**Task goal**
From the first line to the last, set down the material exactly and drop every picture.
--------------------
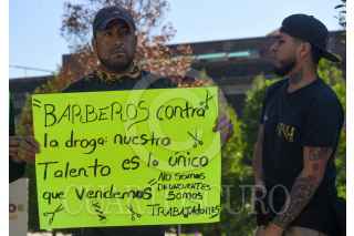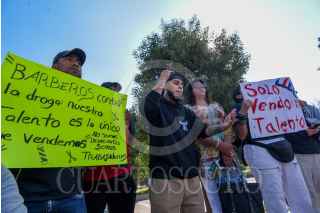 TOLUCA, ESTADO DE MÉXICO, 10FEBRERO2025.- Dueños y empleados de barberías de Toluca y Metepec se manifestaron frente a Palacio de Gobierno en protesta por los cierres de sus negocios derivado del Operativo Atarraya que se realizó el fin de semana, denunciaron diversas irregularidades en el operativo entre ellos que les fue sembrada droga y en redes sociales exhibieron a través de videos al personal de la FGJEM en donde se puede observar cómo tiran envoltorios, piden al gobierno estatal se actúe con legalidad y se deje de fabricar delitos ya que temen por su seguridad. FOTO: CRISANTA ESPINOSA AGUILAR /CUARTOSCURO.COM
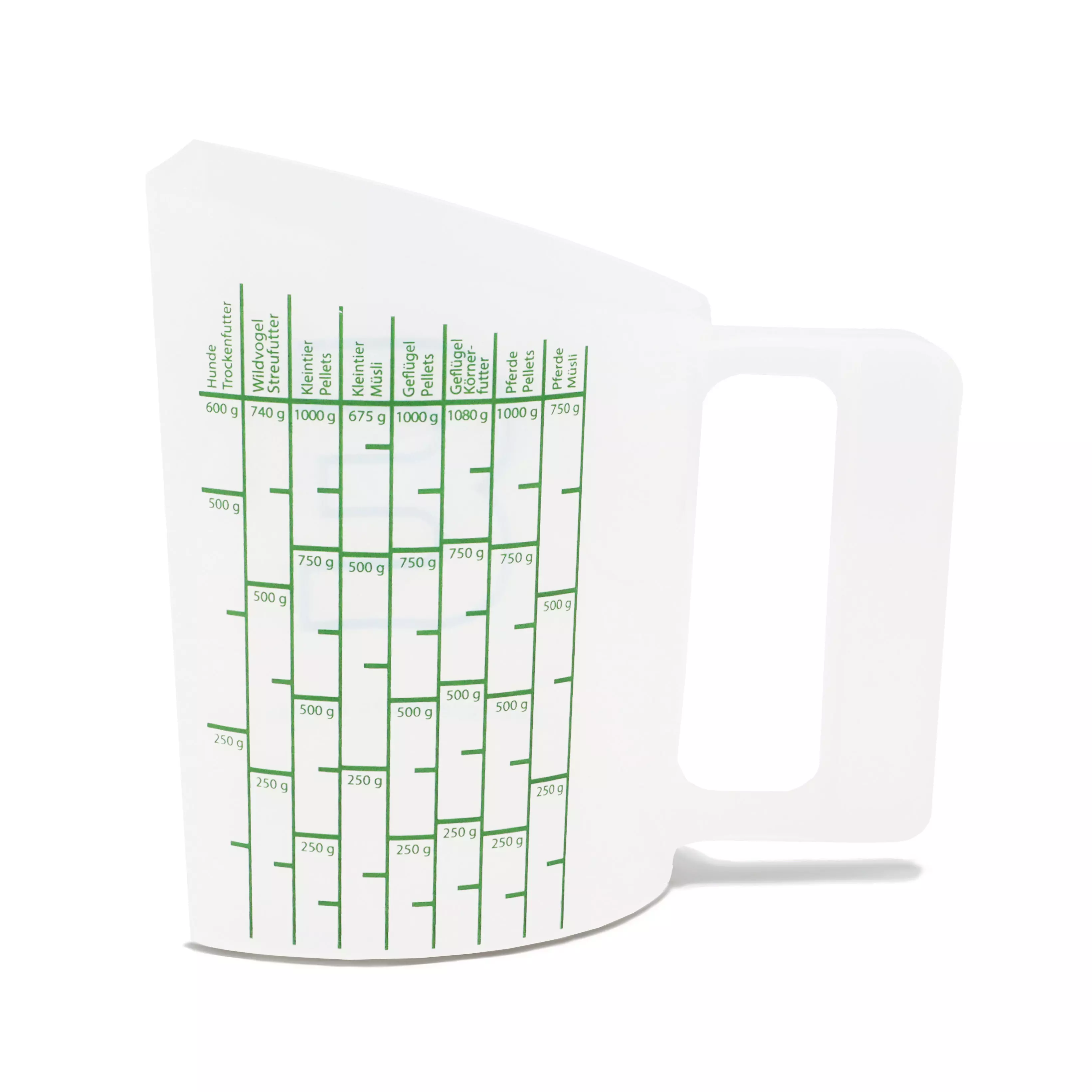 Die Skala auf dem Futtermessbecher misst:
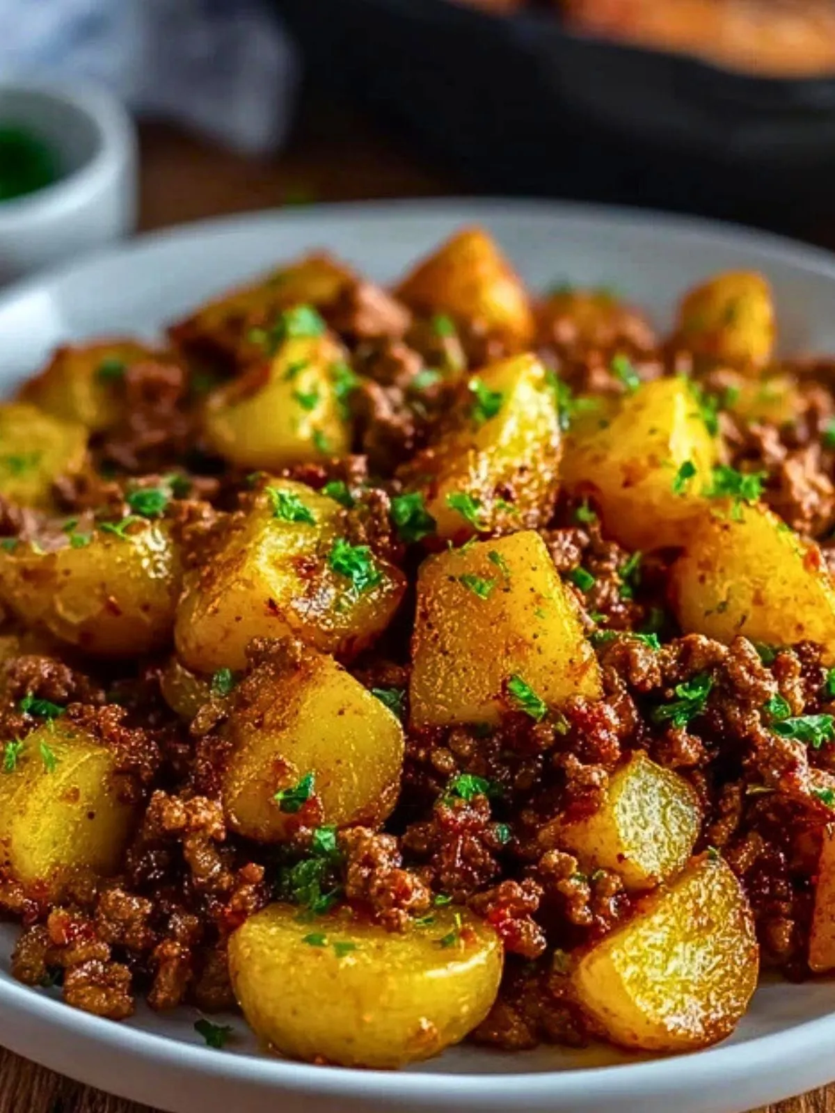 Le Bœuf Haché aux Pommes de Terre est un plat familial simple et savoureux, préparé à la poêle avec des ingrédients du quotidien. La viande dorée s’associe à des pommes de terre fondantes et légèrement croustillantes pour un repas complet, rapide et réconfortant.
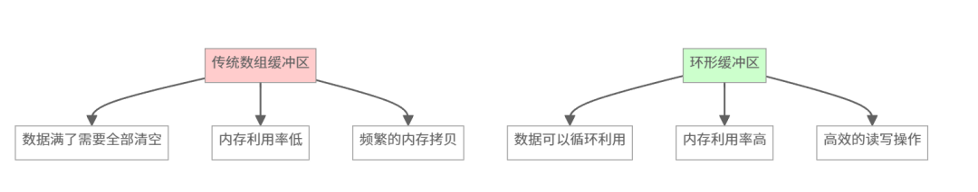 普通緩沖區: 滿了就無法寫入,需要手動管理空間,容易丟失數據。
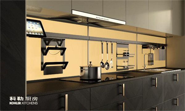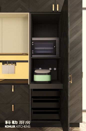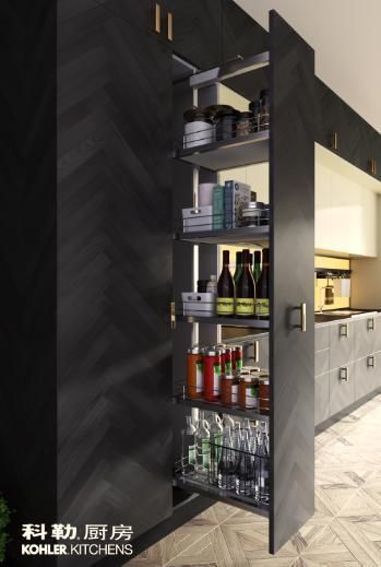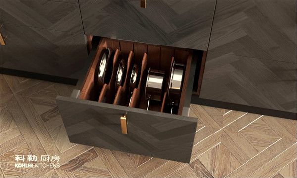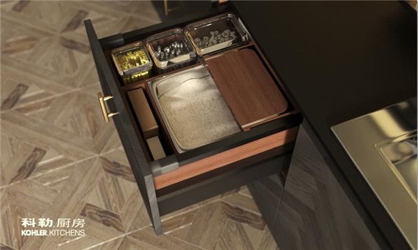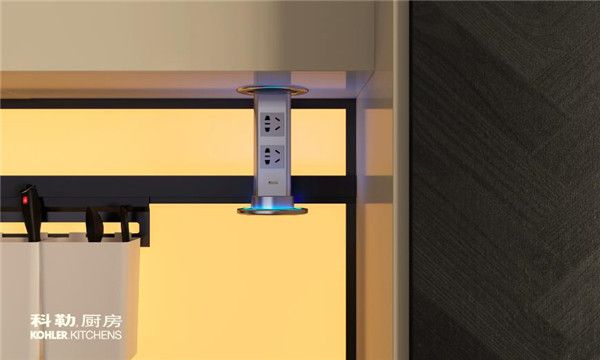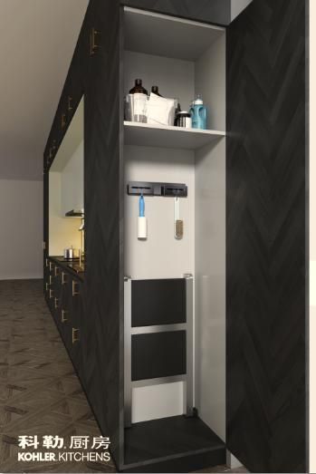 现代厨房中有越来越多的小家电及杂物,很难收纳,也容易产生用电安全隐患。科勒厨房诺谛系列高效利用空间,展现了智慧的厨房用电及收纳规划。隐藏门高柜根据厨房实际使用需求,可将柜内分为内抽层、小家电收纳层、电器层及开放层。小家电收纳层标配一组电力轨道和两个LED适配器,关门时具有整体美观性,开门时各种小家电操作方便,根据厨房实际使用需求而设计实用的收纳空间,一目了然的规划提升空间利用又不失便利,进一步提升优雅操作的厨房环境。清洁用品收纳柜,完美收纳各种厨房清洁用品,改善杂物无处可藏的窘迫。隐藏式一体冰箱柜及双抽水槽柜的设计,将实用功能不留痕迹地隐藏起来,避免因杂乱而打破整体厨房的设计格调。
--------------------
**Output**
 TOLUCA, ESTADO DE MÉXICO, 10FEBRERO2025.- Dueños y empleados de barberías de Toluca y Metepec se manifestaron frente a Palacio de Gobierno en protesta por los cierres de sus negocios derivado del Operativo Atarraya que se realizó el fin de semana, denunciaron diversas irregularidades en el operativo entre ellos que les fue sembrada droga y en redes sociales exhibieron a través de videos al personal de la FGJEM en donde se puede observar cómo tiran envoltorios, piden al gobierno estatal se actúe con legalidad y se deje de fabricar delitos ya que temen por su seguridad. FOTO: CRISANTA ESPINOSA AGUILAR /CUARTOSCURO.COM
 Die Skala auf dem Futtermessbecher misst:
 Le Bœuf Haché aux Pommes de Terre est un plat familial simple et savoureux, préparé à la poêle avec des ingrédients du quotidien. La viande dorée s’associe à des pommes de terre fondantes et légèrement croustillantes pour un repas complet, rapide et réconfortant.
 普通緩沖區: 滿了就無法寫入,需要手動管理空間,容易丟失數據。
 现代厨房中有越来越多的小家电及杂物,很难收纳,也容易产生用电安全隐患。科勒厨房诺谛系列高效利用空间,展现了智慧的厨房用电及收纳规划。隐藏门高柜根据厨房实际使用需求,可将柜内分为内抽层、小家电收纳层、电器层及开放层。小家电收纳层标配一组电力轨道和两个LED适配器,关门时具有整体美观性,开门时各种小家电操作方便,根据厨房实际使用需求而设计实用的收纳空间,一目了然的规划提升空间利用又不失便利,进一步提升优雅操作的厨房环境。清洁用品收纳柜,完美收纳各种厨房清洁用品,改善杂物无处可藏的窘迫。隐藏式一体冰箱柜及双抽水槽柜的设计,将实用功能不留痕迹地隐藏起来,避免因杂乱而打破整体厨房的设计格调。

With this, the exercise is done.